** Directions **
Reproduce only what runs from the line containing "一二三 白琥さんを姓名の画数から五運を鑑定" to the line containing "세뱃돈을 준비하고, 명절음식을" in the records below, inclusive. Keep it exact, and keep the pictures out.

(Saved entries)
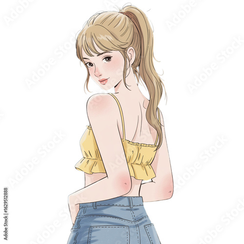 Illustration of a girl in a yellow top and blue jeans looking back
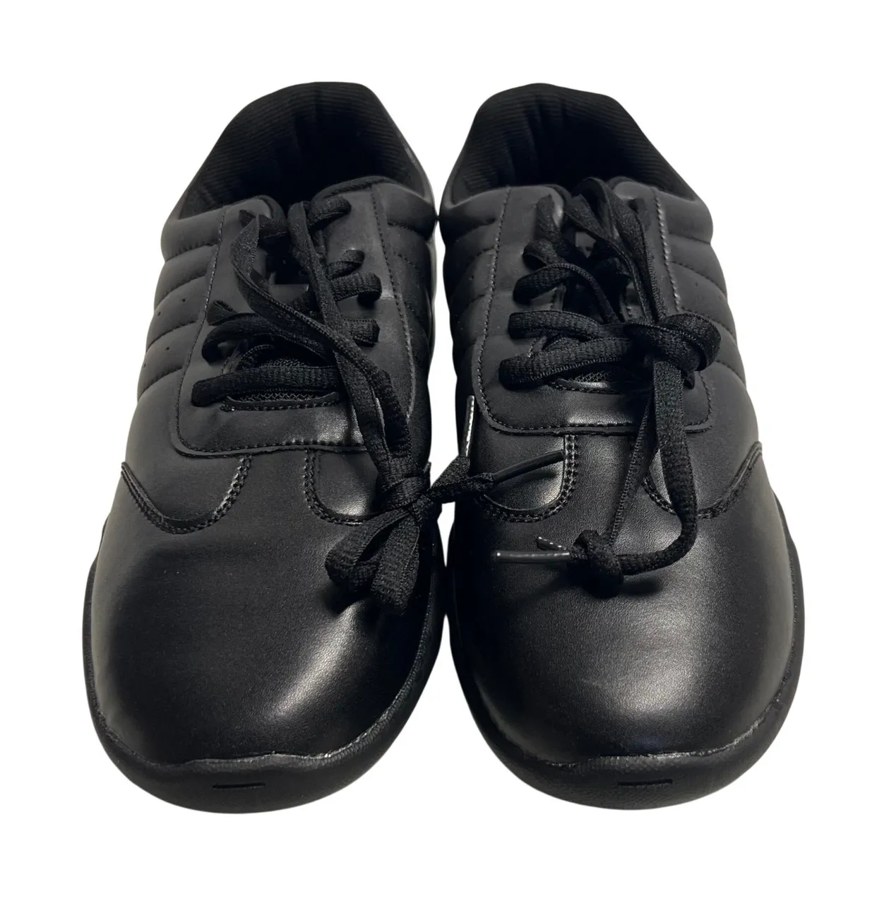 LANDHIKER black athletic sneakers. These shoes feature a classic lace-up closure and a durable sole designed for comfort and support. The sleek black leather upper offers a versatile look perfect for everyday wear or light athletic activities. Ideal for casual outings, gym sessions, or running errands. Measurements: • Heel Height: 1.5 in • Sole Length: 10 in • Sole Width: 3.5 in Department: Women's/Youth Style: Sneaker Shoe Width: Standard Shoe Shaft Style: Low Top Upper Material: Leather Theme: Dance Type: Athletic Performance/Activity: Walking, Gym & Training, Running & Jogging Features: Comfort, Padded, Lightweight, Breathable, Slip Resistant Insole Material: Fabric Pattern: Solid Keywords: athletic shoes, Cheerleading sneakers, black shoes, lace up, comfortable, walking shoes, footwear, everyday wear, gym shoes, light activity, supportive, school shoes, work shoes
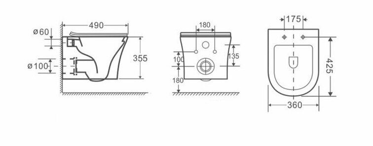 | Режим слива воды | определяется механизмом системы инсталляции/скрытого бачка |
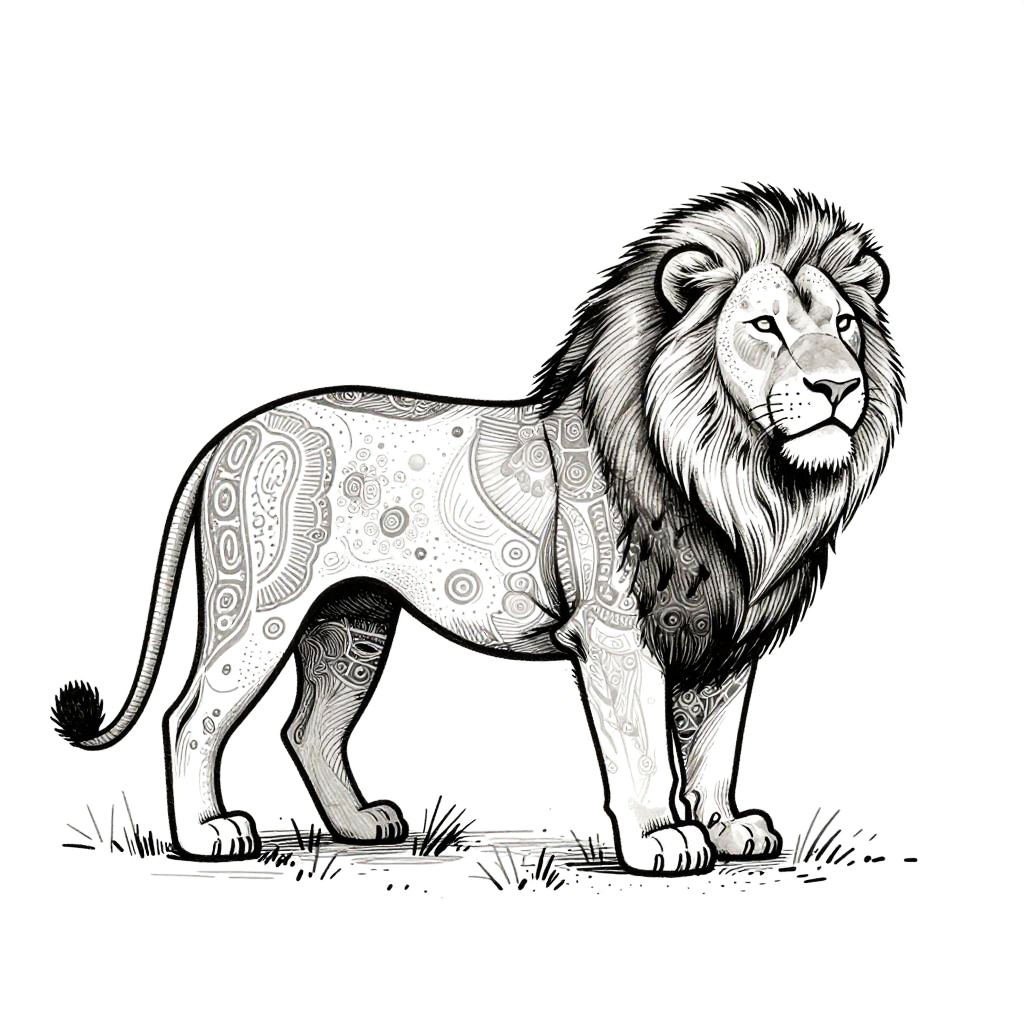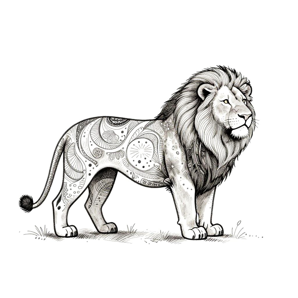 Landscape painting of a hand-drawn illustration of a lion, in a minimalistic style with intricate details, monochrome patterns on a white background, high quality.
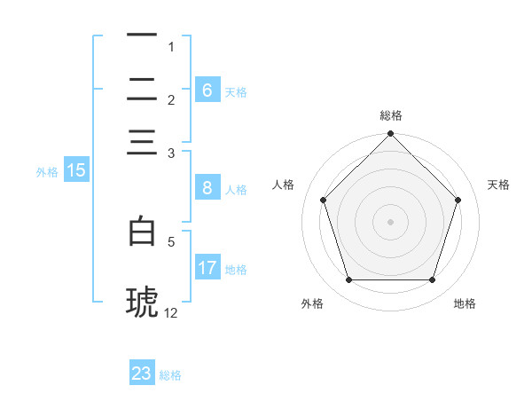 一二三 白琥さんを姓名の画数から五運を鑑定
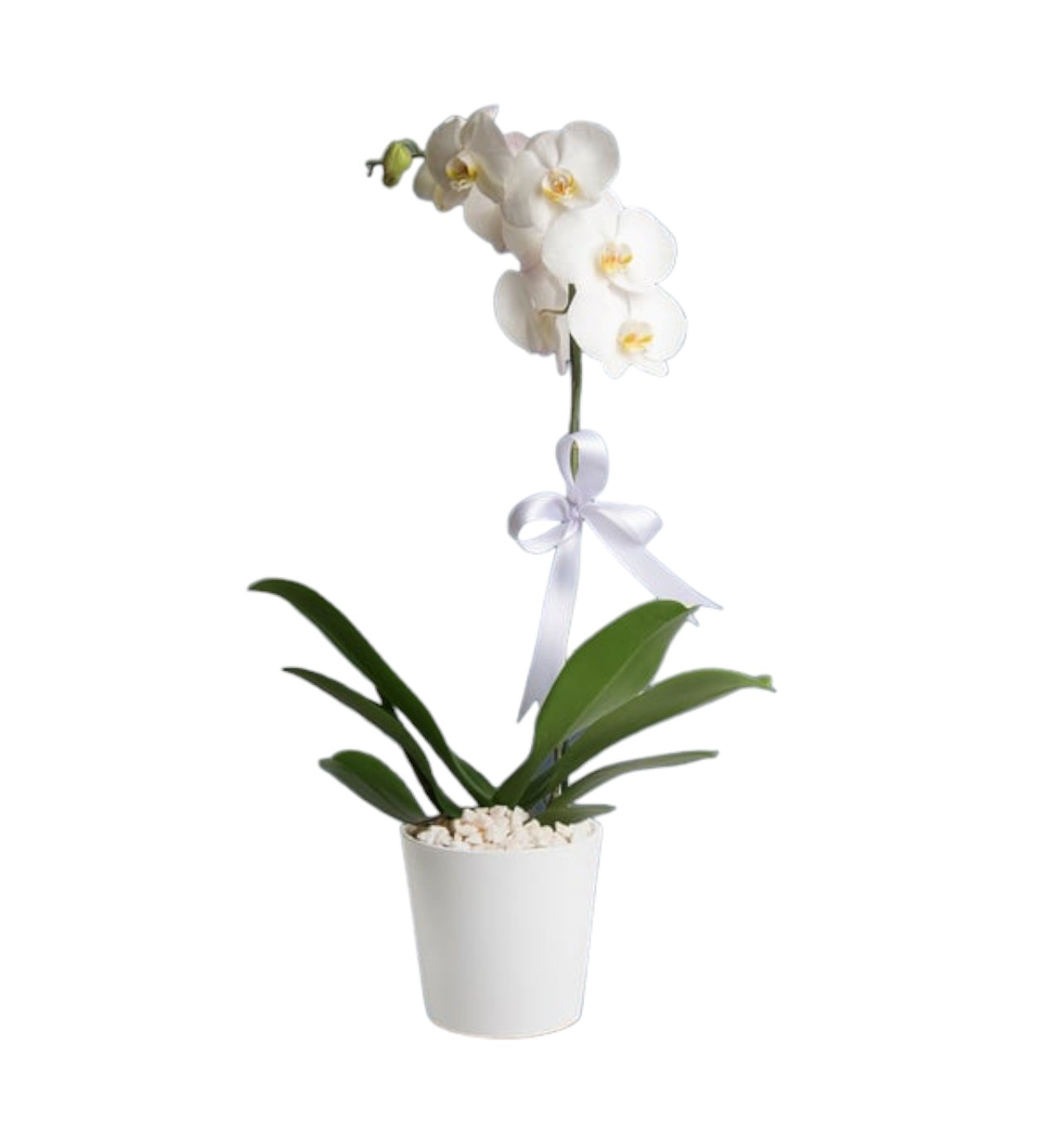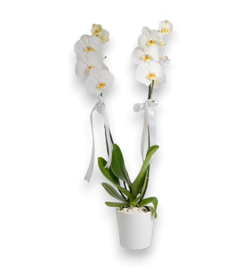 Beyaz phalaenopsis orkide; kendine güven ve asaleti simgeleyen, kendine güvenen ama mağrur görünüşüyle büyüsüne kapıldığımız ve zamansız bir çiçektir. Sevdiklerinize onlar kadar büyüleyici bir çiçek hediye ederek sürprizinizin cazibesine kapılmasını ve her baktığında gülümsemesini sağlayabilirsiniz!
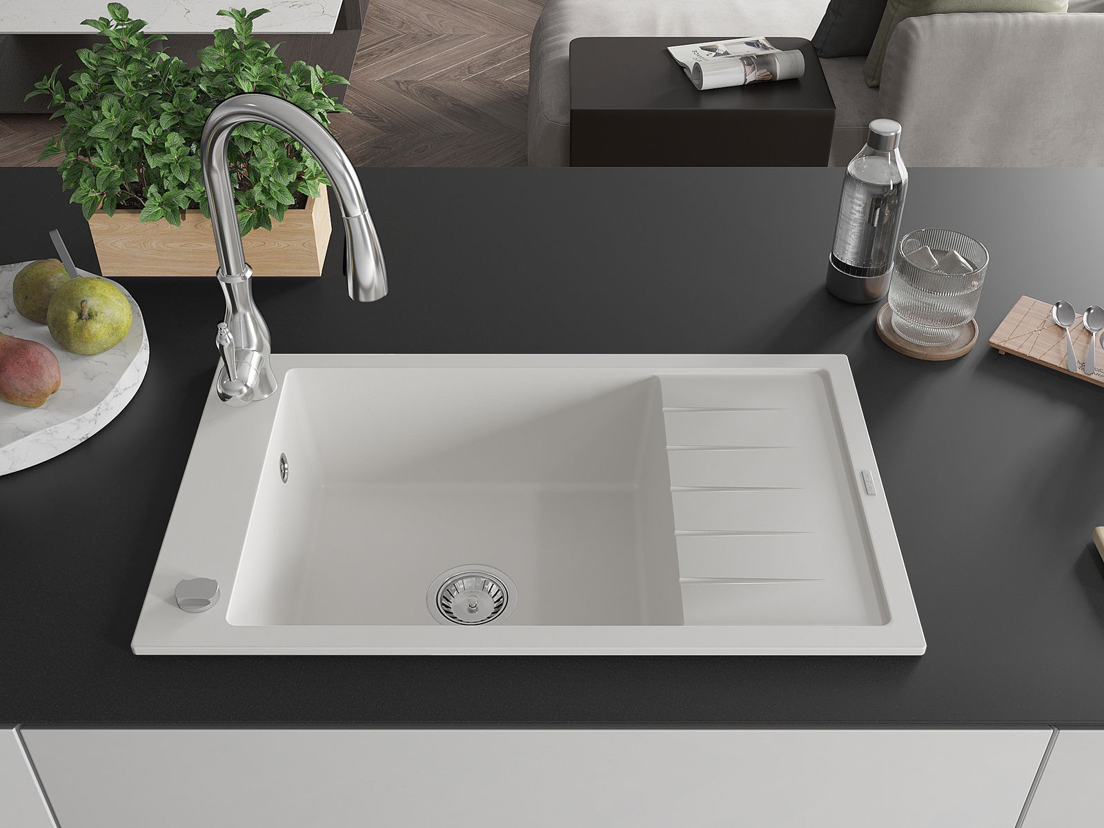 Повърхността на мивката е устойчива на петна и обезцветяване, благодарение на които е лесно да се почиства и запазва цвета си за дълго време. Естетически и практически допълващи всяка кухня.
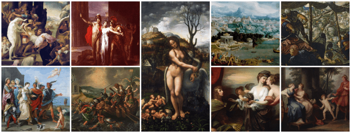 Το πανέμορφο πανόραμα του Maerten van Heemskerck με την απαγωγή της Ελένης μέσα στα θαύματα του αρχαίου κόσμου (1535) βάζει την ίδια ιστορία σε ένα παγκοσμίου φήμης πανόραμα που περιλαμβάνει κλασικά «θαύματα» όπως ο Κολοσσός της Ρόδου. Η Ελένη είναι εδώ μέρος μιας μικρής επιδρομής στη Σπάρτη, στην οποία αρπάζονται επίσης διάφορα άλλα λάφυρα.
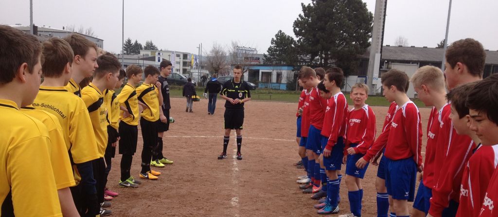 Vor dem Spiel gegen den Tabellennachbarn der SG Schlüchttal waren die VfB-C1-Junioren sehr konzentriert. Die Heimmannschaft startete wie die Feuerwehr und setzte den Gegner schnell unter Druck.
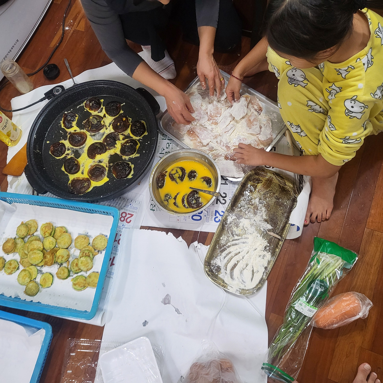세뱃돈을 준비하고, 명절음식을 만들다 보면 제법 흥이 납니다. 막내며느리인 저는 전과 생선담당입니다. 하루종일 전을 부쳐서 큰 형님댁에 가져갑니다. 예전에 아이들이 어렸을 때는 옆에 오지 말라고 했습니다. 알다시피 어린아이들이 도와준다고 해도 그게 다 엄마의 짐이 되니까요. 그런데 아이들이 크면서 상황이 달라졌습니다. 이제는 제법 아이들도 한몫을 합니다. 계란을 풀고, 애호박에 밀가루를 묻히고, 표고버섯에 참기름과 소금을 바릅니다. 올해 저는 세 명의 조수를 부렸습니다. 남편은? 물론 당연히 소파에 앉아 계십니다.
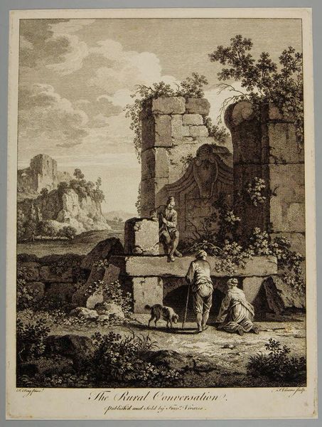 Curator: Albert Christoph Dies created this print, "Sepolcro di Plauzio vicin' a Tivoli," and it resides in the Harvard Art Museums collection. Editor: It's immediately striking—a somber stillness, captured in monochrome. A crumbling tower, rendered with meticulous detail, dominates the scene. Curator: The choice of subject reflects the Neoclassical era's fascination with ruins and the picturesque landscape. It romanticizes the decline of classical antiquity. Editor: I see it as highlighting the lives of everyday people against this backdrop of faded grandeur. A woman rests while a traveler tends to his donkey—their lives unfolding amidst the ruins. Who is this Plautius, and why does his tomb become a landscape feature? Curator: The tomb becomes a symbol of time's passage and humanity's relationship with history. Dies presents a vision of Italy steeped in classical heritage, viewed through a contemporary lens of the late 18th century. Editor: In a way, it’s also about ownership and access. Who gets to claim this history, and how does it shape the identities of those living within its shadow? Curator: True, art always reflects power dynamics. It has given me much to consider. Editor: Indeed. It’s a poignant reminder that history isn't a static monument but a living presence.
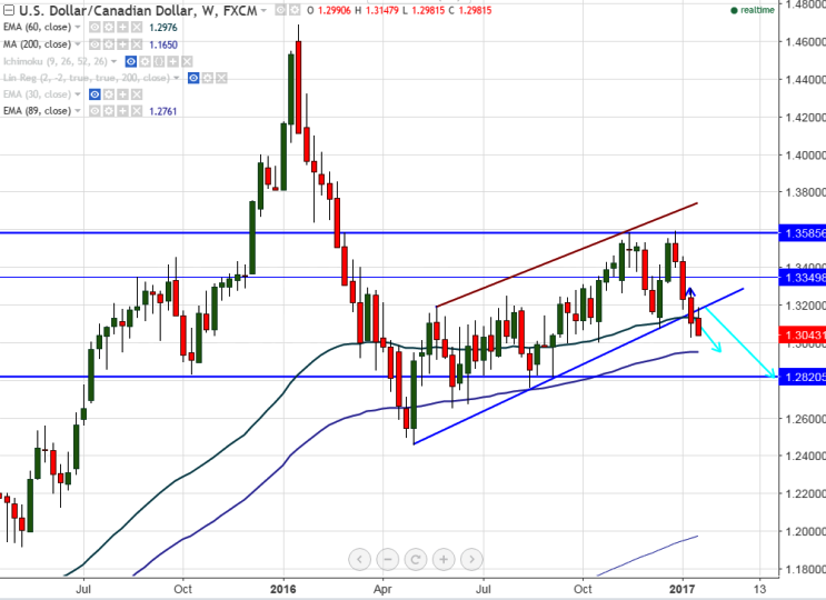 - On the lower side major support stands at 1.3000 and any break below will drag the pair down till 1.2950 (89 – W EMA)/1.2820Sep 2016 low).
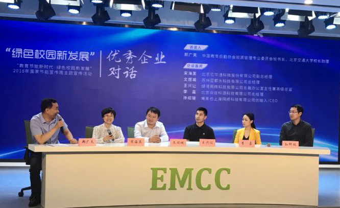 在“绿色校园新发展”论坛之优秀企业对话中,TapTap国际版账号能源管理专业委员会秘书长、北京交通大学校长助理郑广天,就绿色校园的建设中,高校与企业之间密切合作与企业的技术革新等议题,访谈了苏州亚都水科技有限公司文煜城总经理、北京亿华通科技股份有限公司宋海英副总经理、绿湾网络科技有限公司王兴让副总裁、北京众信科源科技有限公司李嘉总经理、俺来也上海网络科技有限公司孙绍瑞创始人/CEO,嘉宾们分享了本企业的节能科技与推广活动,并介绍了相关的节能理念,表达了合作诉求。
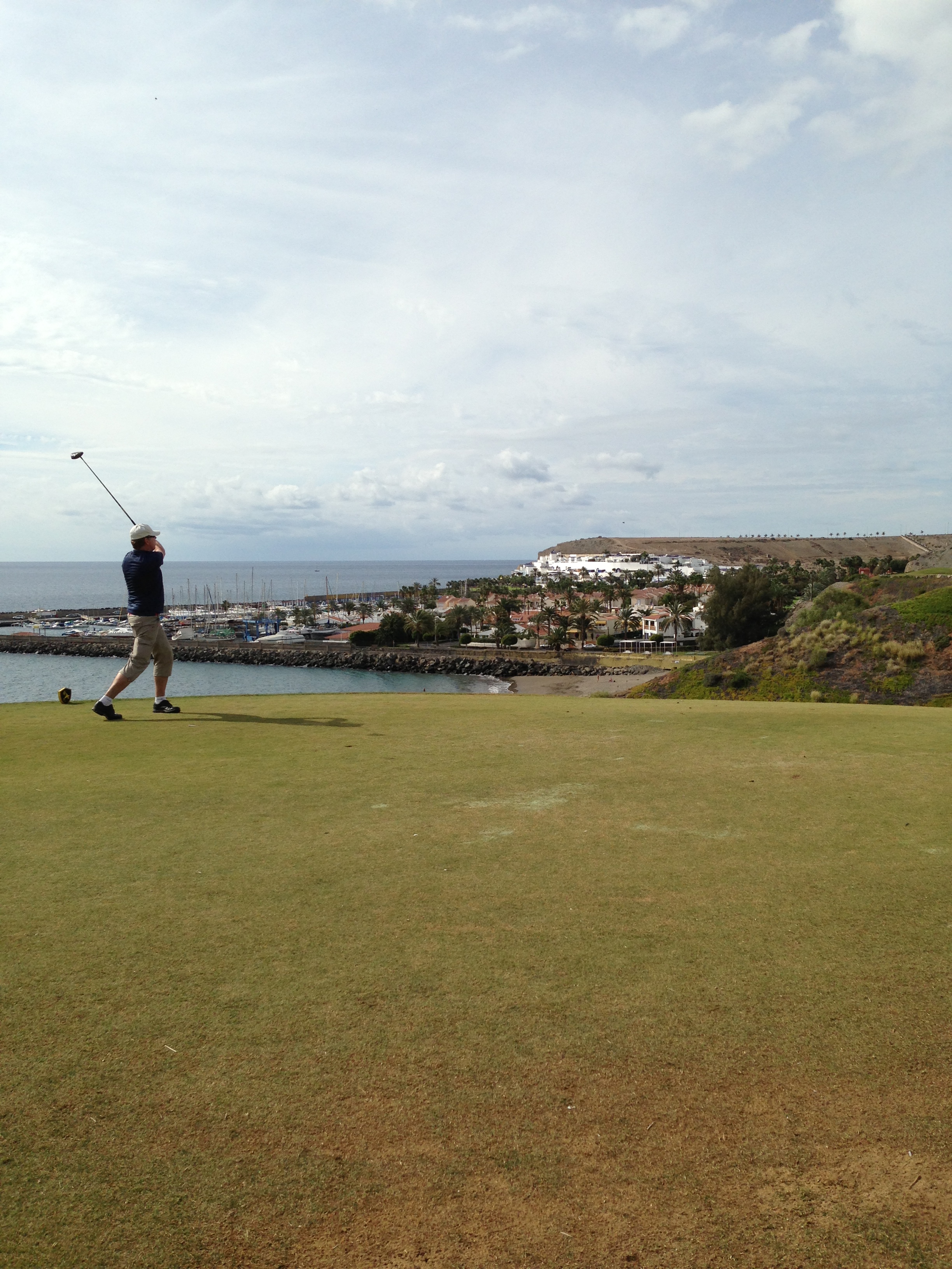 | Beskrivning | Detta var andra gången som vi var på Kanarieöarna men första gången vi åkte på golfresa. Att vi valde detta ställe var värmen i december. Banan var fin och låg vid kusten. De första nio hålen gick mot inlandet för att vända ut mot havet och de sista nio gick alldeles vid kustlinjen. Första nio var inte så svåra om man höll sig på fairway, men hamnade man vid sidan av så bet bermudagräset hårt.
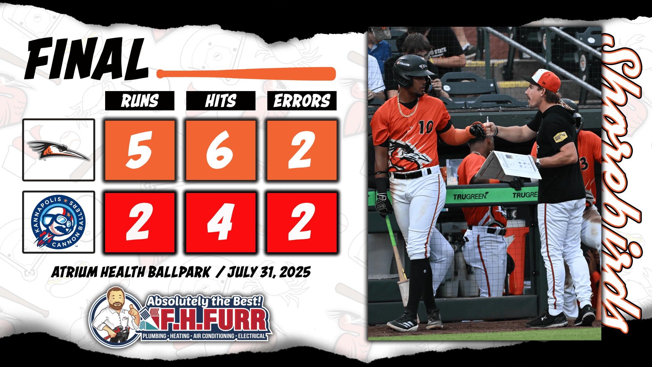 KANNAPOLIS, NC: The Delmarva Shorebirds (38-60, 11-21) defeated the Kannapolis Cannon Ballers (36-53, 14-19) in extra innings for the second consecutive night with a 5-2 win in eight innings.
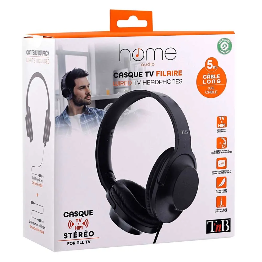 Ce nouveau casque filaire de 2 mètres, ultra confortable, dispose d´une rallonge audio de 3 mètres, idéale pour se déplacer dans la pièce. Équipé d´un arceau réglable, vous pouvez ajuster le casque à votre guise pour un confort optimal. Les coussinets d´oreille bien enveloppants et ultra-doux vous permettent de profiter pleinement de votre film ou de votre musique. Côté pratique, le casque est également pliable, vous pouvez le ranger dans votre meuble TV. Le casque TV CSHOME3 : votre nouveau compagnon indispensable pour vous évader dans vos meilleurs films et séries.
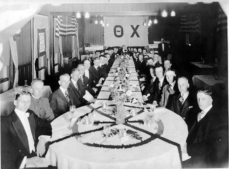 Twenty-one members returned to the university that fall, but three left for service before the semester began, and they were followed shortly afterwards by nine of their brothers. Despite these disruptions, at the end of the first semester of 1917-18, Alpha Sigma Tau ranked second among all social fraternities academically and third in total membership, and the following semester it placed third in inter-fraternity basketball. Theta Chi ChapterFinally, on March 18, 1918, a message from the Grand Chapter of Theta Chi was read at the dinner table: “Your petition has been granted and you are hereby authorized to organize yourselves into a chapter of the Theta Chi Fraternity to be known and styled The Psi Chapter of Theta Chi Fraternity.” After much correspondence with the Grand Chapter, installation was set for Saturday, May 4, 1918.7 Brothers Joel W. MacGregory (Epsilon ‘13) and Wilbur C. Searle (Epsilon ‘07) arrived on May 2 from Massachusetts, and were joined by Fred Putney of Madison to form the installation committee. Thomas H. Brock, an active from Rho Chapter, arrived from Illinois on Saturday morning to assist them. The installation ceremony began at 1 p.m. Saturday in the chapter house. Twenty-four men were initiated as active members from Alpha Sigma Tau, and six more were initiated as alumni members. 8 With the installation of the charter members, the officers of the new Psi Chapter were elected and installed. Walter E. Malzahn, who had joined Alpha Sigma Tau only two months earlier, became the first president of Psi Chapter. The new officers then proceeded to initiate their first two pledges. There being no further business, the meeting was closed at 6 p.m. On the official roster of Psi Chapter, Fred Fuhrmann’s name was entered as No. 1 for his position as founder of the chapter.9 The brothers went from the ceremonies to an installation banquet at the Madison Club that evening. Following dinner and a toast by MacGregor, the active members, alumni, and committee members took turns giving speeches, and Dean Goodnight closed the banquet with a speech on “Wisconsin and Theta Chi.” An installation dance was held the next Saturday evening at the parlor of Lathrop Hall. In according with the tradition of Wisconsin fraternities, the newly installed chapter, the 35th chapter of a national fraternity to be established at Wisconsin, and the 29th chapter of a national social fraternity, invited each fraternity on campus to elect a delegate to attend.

** Solution to this task **
 一二三 白琥さんを姓名の画数から五運を鑑定
 Beyaz phalaenopsis orkide; kendine güven ve asaleti simgeleyen, kendine güvenen ama mağrur görünüşüyle büyüsüne kapıldığımız ve zamansız bir çiçektir. Sevdiklerinize onlar kadar büyüleyici bir çiçek hediye ederek sürprizinizin cazibesine kapılmasını ve her baktığında gülümsemesini sağlayabilirsiniz!
 Повърхността на мивката е устойчива на петна и обезцветяване, благодарение на които е лесно да се почиства и запазва цвета си за дълго време. Естетически и практически допълващи всяка кухня.
 Το πανέμορφο πανόραμα του Maerten van Heemskerck με την απαγωγή της Ελένης μέσα στα θαύματα του αρχαίου κόσμου (1535) βάζει την ίδια ιστορία σε ένα παγκοσμίου φήμης πανόραμα που περιλαμβάνει κλασικά «θαύματα» όπως ο Κολοσσός της Ρόδου. Η Ελένη είναι εδώ μέρος μιας μικρής επιδρομής στη Σπάρτη, στην οποία αρπάζονται επίσης διάφορα άλλα λάφυρα.
 Vor dem Spiel gegen den Tabellennachbarn der SG Schlüchttal waren die VfB-C1-Junioren sehr konzentriert. Die Heimmannschaft startete wie die Feuerwehr und setzte den Gegner schnell unter Druck.
세뱃돈을 준비하고, 명절음식을 만들다 보면 제법 흥이 납니다. 막내며느리인 저는 전과 생선담당입니다. 하루종일 전을 부쳐서 큰 형님댁에 가져갑니다. 예전에 아이들이 어렸을 때는 옆에 오지 말라고 했습니다. 알다시피 어린아이들이 도와준다고 해도 그게 다 엄마의 짐이 되니까요. 그런데 아이들이 크면서 상황이 달라졌습니다. 이제는 제법 아이들도 한몫을 합니다. 계란을 풀고, 애호박에 밀가루를 묻히고, 표고버섯에 참기름과 소금을 바릅니다. 올해 저는 세 명의 조수를 부렸습니다. 남편은? 물론 당연히 소파에 앉아 계십니다.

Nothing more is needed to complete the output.